If $x>x_1$ then we have  $y=x-\sqrt{D}$. The constraint $x+y\le 1$ becomes $x\le\tfrac 12$ or $2x^2-2x+\gamma\le 0$, that is 
$x_1<x\le  \tfrac{1+\sqrt{1-2\gamma}}2=x_2$. We have 
$$f(x,y,z)=\log 2+x\log\frac 32+(x-\sqrt{D})\log 2=h(x).$$ 
Then $h’(x)=\log 2+\log\tfrac 32-\tfrac{2x-1}{\sqrt{D}}\log 2$. We claim that $h’(x)>0$. This is clear when $x\le\tfrac 12$. If $x\ge\tfrac 12$ then we have to show that $(1+c)\sqrt{D}>2x-1$, where $c=\frac{\log\tfrac 32}{\log 2}$. Let’s do this.
$(1+c) \sqrt{D}>2x-1$
$(1+c)^2(2x^2-2x+1-2\gamma)>4x^2-4x+1$
Since $(1+c)^2>2.5$, it suffices to show that 
$2.5(2x^2-2x+1-2\gamma)\ge 4x^2-4x+1$
$x^2-x+1.5-5\gamma\ge 0$ 
$\left(x-\frac 12\right)^2+1.25-5\gamma\ge 0$, which is true because $\gamma\le 0.25$.

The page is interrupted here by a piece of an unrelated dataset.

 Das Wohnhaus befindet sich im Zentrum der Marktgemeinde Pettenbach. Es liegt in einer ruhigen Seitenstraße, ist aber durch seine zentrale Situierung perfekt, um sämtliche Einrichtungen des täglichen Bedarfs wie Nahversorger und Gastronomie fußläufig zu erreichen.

Thus $h$ increases when $x$ increases so a maximum of $f$ is attained when $x=x_2$. Then $y=1-x_2$ and this is Case 1 again.
A: Note that $$f(x,y,z)=\log2+(x+y+z)\log\frac52-(x+y)\log\frac53+y\log\frac43$$ which is maximised when $z=0$ since the negative term $-(x+y)\ge z-1$ will be minimised and at the same time $y\le1-x-z$ will be maximised. Then it is just a case of maximising $$f(x,y,0)=\log2+x\log\frac32+y\log2$$ subject to $4/5\le x+y\le1$ and $xy\ge\gamma$, or just $\gamma/y\le x\le1-y$. Solving the quadratic yields $$a:=\frac{1-\sqrt{1-4\gamma}}2\le x,y\le\frac{1+\sqrt{1-4\gamma}}2:=b$$ and $f$ will be maximised at the endpoints of $x,y$. Recalling that $x+y\le1$, the only possibilities are $(x,y)=(a,b)$ and $(b,a)$. As $\log2>\log3/2$, the maximum occurs when $y$ takes the positive root, so \begin{align}\max f(x,y,z)=f(a,b,0)&=\log2+\frac12\log\frac32-\frac{\sqrt{1-4\gamma}}2\log\frac32+\frac12\log2+\frac{\sqrt{1-4\gamma}}2\log2\\&=\frac12\log12+\frac{\sqrt{1-4\gamma}}2\log\frac43\end{align} whose overall maximum is $0.1\log331776$ at $\gamma=0.24$.